土地の持つ価値とは?
山梨日日新聞No.62【令和7年4月7日発行】
先月、令和7年度の公示地価が公表された。「公示地価」とは、国土交通省が毎年1月1日時点における標準地の価格を公表したものであり、土地取引に対する指標にもなっている。
基準地は、住宅地・商業地・工業地の3つに分類されるが、全国平均では、令和6年度と比較していずれも上昇した。山梨県では、住宅地の平均は0.4%の下落、商業地は横ばいであるのに対して、工業地は1.8%の上昇となった。県内を車で移動していると、各地で新たな生産拠点などの整備が進められているのを目にする機会が多いが、こうした状況からも、県内の工業地の需要を感じ取ることができる。
住宅地の地価が全体的に下落傾向である中で、今月11日に「コストコ南アルプス倉庫店」の出店を控えている南アルプス市では、地価が上昇している。実際、南アルプス市の人口は、令和3年までの減少傾向から令和4年度以降は転入超過による増加傾向に転じている。その理由としては、企業誘致による雇用の創出や子育て支援などの自治体の取組みに加え、商業施設の整備に伴う賑わいなどが期待されることも、要因の一つではないだろうか。

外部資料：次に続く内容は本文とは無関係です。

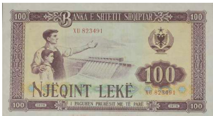
F. Punëtor dhe djalë i vogël përballë një hidrocentrali; djathtas stema e republikës, vlera nominale dhe viti i prodhimit. Sipër "BANKA E SHETIT SHQIPTAR"; poshtë "I PAGUHET PRURËSIT ME TË PARË".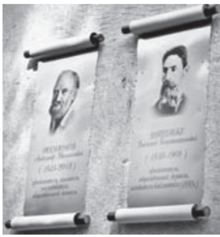
Новые мемориальные доски на стене «Шишковки».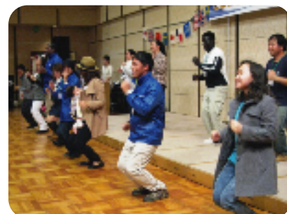
チキンダンス、観客もオイスカの皆さんと 一緒に楽しみました！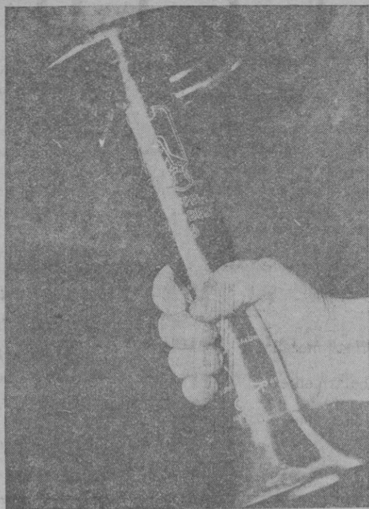
En los juegos olímpicos que se efectúan en Berlín, se encenderá una antorcha en Olympia, Grecia, y esa antorcha será trasladada a Berlín por atletas que a través de seis países distintos se llevarán para transportarla. — El porta antorchas que se usará para la marcha

acogida con grandes aplausos y vivas a la llegada del Alcalde Sr. Darder y concejales.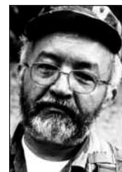
Raúl Reyes, nestkommanderende og talsperson for FARC.

FARC er som en liten regjering, en liten stat som kjemper for å regjere over Colombia, og er ikke avhengige av utenforstående.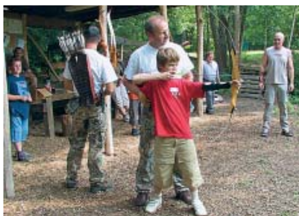
Ferienprogramm beim Schützenverein "Diana"

Fröhlich ging es zu bei der Jockgrimer Kerwe. Der Kerwe-Flohmarkt der Kulturgemeinschaft bildete den Anfang. Am späten Samstagnachmittag wurde die Kerwe mit dem Kerweumzug, Kerwebaum, Böllerschüssen und Fassanstich offiziell eröffnet. An der Kerwe beteiligt waren u.a. die Freiwillige Feuerwehr, Musikverein, Schützenverein, MGV Frohsinn und Naturburschenclub.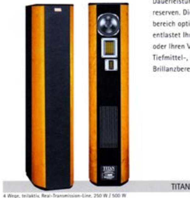
4 Wege, teilaktiv, Real-Transmission-Line, 250 W / 500 W

Das offene System der einmal gefalteten Laufzeitleitung (Real Transmission Line) erlaubt eine immense Baßdynamik, die verbunden ist mit einem beispiellosen Tiefgang, der durch Bedämpfung des Leitungsweges erreicht wird.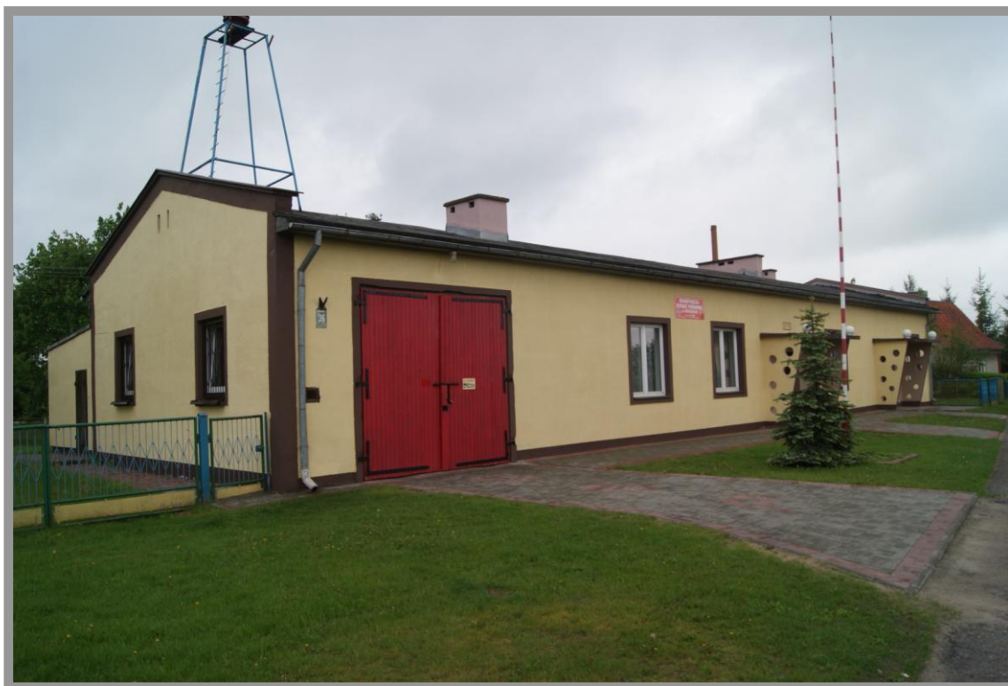
Fot. Budynek Świetlicy Wiejskiej w Reszkach

Obszarem o szczególnym znaczeniu dla zaspokojenia potrzeb społecznych miejscowości Reszki, mając na uwadze przede wszystkim układ przestrzenno-urbanistyczny, a także przeznaczenie obiektów zlokalizowanych w tym rejonie, jest obszar zawarty pomiędzy budynkiem świetlicy a kościołem. Walory i cechy przestrzenno-urbanistyczne przedmiotowego obszaru przemawiają za koniecznością jego rozwoju pod kątem efektywnego kształtowania tej przestrzeni publicznej, wprowadzania działań na rzecz podnoszenia stopnia rozwoju społeczeństwa, zacieśniania więzi i integrację społeczną.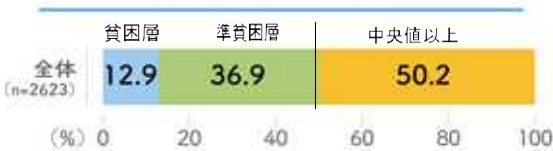
等価世帯収入の水準

内閣府の「子供の生活状況調査の分析 報告書」は、家庭の経済状態の子どもへの影響把握のため、全国中学2年生と保護者5000組を対象に、20年2月～3月に郵送で調査。2715組から回答。その一部をご紹介します。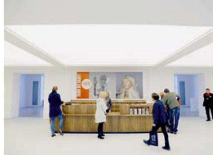
Kaiser Wilhelm Museum.

Essen & Trinken Stadtwaldhaus mit Biergarten, Hüttenallee 108, 0 21 51 / 59 37 84

今年2月に甲府商工会議所が発表した会員事業所を対象に実施したアンケート調査結果によると、コストコの出店による影響について、「わからない」との回答が4割で最も多く、地元事業者への影響を予測するのが難しいといった状況が見受けられる。また、「よい影響がある」との回答は26.8%であり、その理由として、「地域の賑わいの創出」や「人流増加」「売上増・販路拡大」など、交流人口が増加することによる効果が期待されている。
一方、出店により懸念されることに対しては、「ある」との回答が6割を超え、その理由として、「周辺道路の交通渋滞」や「人手不足の深刻化」「賃金上昇」など、企業の経営面のみならず、日常生活への影響も懸念される結果となった。
今回の出店は、県内需要だけではなく、静岡や長野など広域からの集客を見込んだものであることから、それによる交通渋滞への影響を懸念するのは無理もないことだ。また、33年ぶりに5%を超える賃上げ率を記録する中、大手と中小企業での賃金格差が、地元中小企業の人材不足に拍車をかけるのではないかとの懸念も確かにあるだろう。
地価、人口、雇用など、地域における一つ一つの出来事は、それぞれが独立しているのではない。お互いにつながり、相互に作用することで、時間の経過とともに地域や人々の営みに様々な影響を及ぼしている。短期的にはプラスにつながることもあるが、中長期的には、マイナスの影響を及ぼすこともあるかも知れない。実際のところ、それらすべてを予測することは難しく、どのような影響を及ぼすのかは起こってみるまで「わからない」。
しかし、本来その土地が持つ価値には、地価に反映される経済的な尺度だけではなく、歴史や風土、人のつながりといった様々なものさしがあるのではないだろうか。
時代とともに地域は変化し続け、それに伴い地価も変動する。その中で、地域にとって変わらず大切なものは何かを考え、将来にわたりそれを守り育んでいくことが、その土地の価値につながるのではないだろうか。